Its sporting related betting brands include Ladbrokes, Coral, bwin and Sportingbet, with gaming brands taking in CasinoClub, Foxy Bingo, Gala and PartyCasino.
A constituent of the FTSE 100 index and a tax resident in the UK, it has licenses in over 40 regulated or regulating markets. It also operates in the USA via a 50/50 joint venture with MGM Resorts under the BetMGM brand.
For a round-up of these latest results announced on 7 March, please click here.
ii view:
Previously known as GVC Holdings, Entain employs around 29,000 people. Competing against rivals such as Paddy Power owner Flutter Entertainment (LSE:FLTR) and William Hill owner 888 Holdings (LSE:888), the UK is its biggest revenue generator at 41%, followed by the rest of Europe at 30%, Italy and Oceania 11% each and the rest of the world the balance of 7%.
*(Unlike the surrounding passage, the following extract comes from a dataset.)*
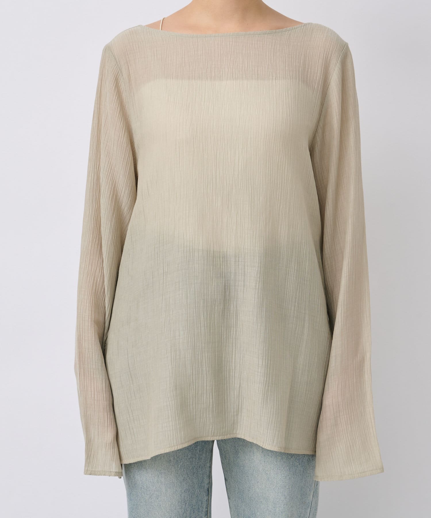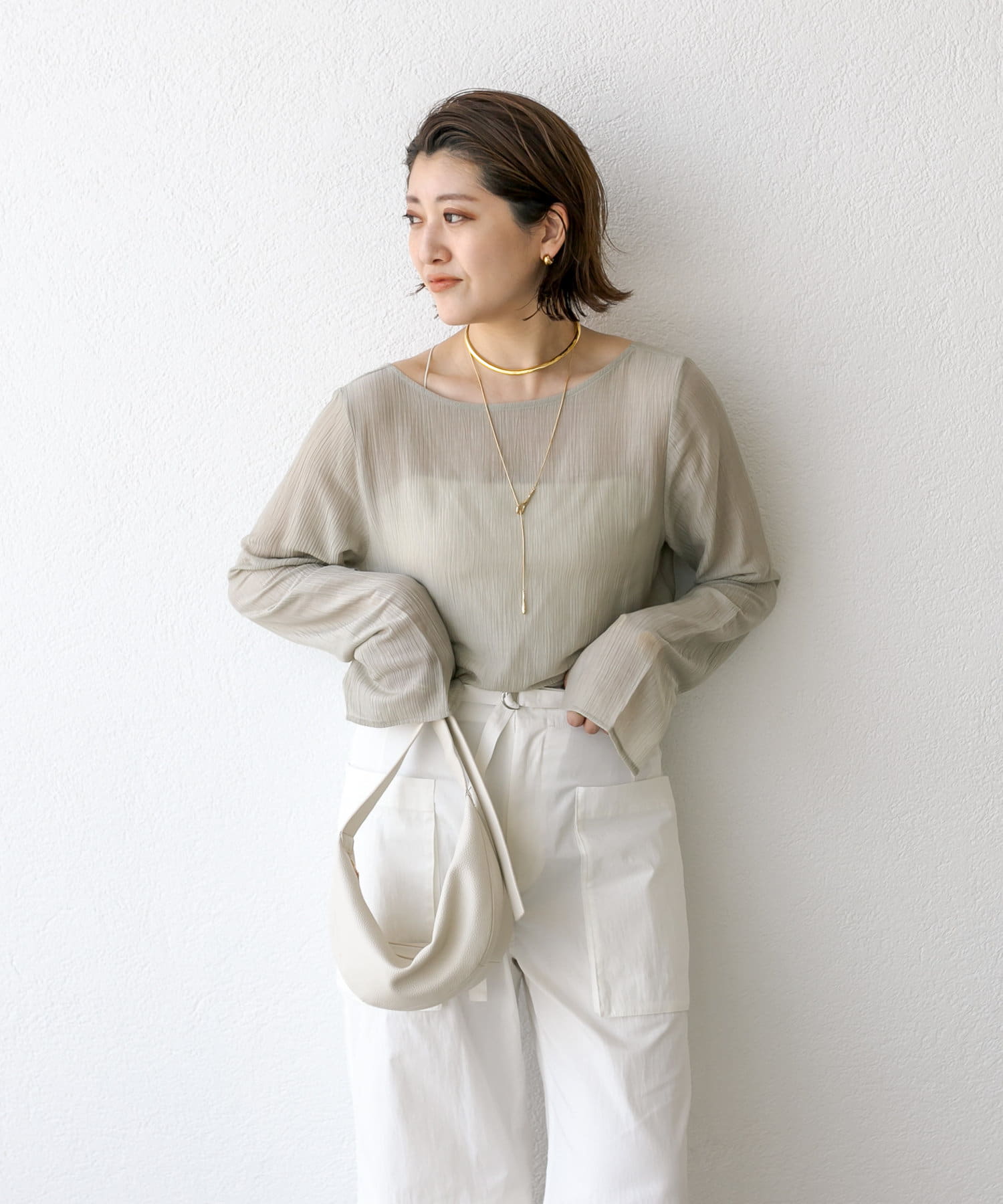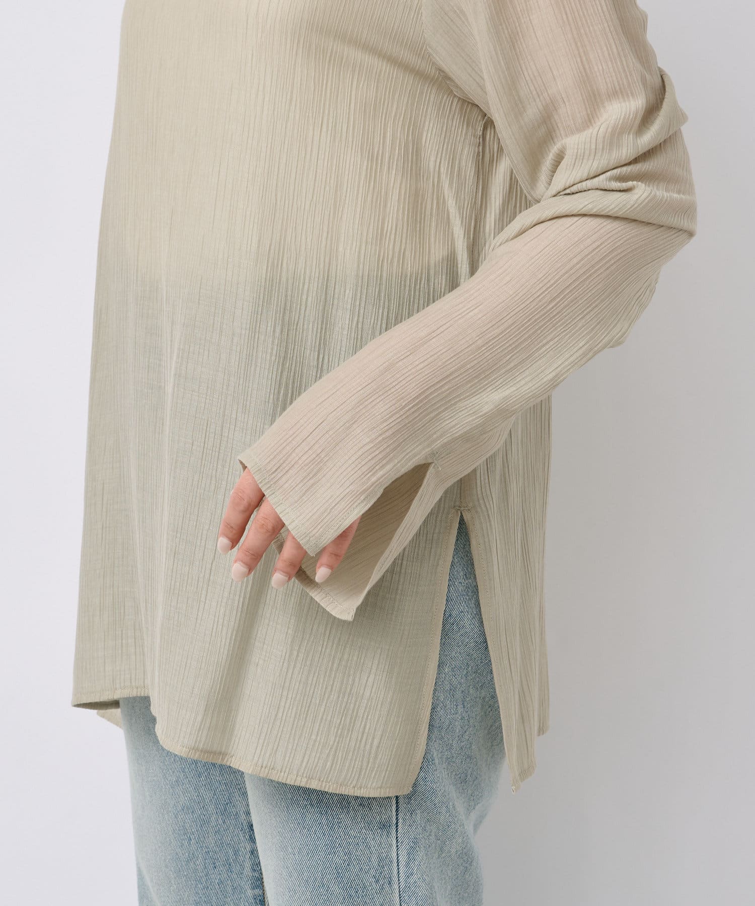 さらっとした肌触り抜群の楊柳素材を使用。シワが目立ちにくい素材感のためコンパクトにまとめてご旅行にもおすすめの一枚です。

For investors, problem gambling, a pending UK regulatory review, heightened hurdles to betting in the Netherlands, and potential government crackdowns elsewhere in the world all warrant consideration. Adverse sports results hindering margins remain an ever-present threat, competition in its targeted US market is not to be dismissed, while group net debt of £3.29 billion compares to a stock market value of £5.2 billion.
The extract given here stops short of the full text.